#### ABOUT THIS EXERCISE:
For the records below, print the lines from the line with "L'appartamento gode di" through the line with "(建物外仮設通路は送迎バス発" exactly as written; include both end lines and exclude the rest.

#### INPUT DATA:
***
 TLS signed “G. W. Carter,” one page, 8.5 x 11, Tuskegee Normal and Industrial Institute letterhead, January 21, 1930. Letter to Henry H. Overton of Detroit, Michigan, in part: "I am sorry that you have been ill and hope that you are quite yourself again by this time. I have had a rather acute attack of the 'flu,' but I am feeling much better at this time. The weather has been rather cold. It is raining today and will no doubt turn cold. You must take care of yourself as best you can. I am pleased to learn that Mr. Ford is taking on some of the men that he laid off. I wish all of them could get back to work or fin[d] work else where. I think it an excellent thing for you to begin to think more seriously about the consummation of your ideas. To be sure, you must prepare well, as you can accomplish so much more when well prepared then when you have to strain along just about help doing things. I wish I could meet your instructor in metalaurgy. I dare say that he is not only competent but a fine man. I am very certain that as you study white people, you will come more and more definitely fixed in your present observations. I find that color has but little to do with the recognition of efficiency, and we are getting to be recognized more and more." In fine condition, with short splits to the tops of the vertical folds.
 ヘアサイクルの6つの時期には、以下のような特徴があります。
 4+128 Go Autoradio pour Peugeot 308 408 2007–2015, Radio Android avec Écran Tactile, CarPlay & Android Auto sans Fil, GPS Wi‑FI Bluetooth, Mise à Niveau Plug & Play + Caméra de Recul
***
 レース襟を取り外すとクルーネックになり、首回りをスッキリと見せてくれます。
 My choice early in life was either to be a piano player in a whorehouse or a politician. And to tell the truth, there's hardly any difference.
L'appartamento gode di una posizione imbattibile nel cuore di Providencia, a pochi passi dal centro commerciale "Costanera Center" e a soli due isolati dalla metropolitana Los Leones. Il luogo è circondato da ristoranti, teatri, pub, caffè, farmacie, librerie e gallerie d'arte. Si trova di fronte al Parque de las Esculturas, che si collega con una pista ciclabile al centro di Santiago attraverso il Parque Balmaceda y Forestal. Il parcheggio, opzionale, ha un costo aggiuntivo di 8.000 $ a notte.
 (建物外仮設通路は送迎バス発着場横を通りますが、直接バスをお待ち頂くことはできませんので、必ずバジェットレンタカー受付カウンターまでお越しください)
***
#### WRITTEN ANSWER:
L'appartamento gode di una posizione imbattibile nel cuore di Providencia, a pochi passi dal centro commerciale "Costanera Center" e a soli due isolati dalla metropolitana Los Leones. Il luogo è circondato da ristoranti, teatri, pub, caffè, farmacie, librerie e gallerie d'arte. Si trova di fronte al Parque de las Esculturas, che si collega con una pista ciclabile al centro di Santiago attraverso il Parque Balmaceda y Forestal. Il parcheggio, opzionale, ha un costo aggiuntivo di 8.000 $ a notte.
 (建物外仮設通路は送迎バス発着場横を通りますが、直接バスをお待ち頂くことはできませんので、必ずバジェットレンタカー受付カウンターまでお越しください)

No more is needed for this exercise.